Red Hat Put Sellers Provide Good Option Trading Example
04/01/2010 12:01 am EST
Red Hat Inc. (NYSE: RHT) saw a notable exodus of options traders at its April 27.50 put strike on Tuesday, as traders pulled their money out of the front-month option ahead of expiration two weeks from Friday. More than 20,000 contracts traded at this out-of-the-money strike yesterday, and open interest subsequently shrank from 20,269 yesterday to 7,211 this morning. This suggests that the majority of yesterday’s volume was initiated on the closing side.
Shortly before the closing bell, three large blocks (4,800, 7,200, and 6,951, adding up to nearly 19,000 contracts) hit the tape in rapid succession. The smallest block traded for 30 cents per share, while the two larger blocks changed hands at 25 cents per share (near the bid price in both cases, indicating they were sold). This is not much premium to collect, but perhaps the trader does not expect short-term downside in RHT. Unless RHT drops at least 5% before April 16, these puts will be out of the money and will expire worthless (which is a less desirable situation than closing them for 30 or 25 cents apiece).
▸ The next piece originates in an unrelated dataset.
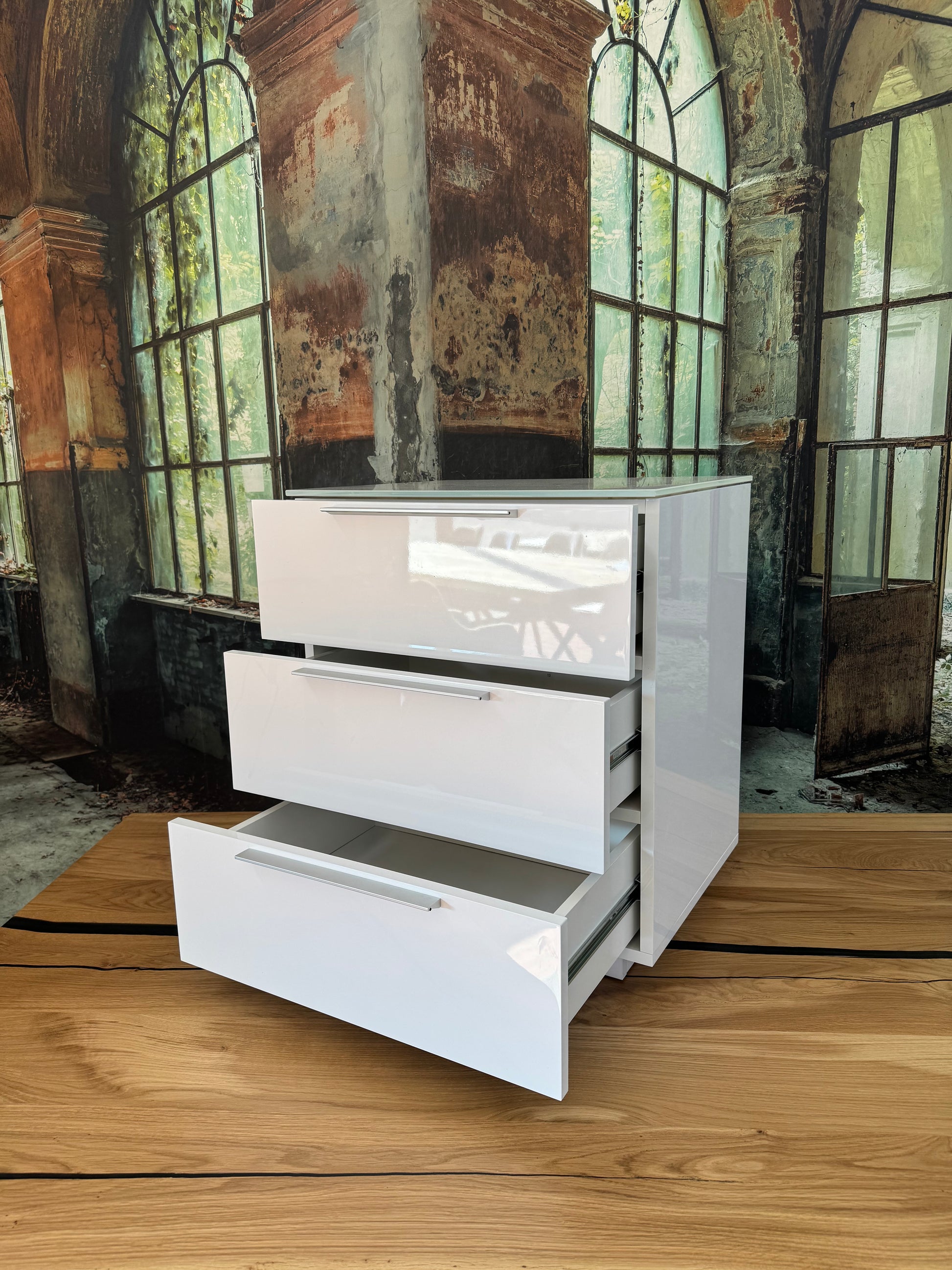 Nachttisch Kommode +Glas Auflage +3xSchubladen +Hochglanzweiß +Neu auf Lager

A put buyer can enjoy significant profits if the stock declines below the breakeven mark, but they would also put all of the premium paid at risk. Looking at open-interest history, it appears that these puts were purchased last Thursday for 40 cents each. Thursday was the day RHT tumbled almost 6% on a disappointing earnings outlook. Yesterday, the stock bounced higher, so perhaps these put buyers diagnosed that it was an opportune time to exit the trade and seek out better opportunities.
These investors who trade large amounts over a short period of time should be mindful of commissions, as these fees can eat away at profits, particularly when trading low-dollar options such as these out-of-the-money RHT puts.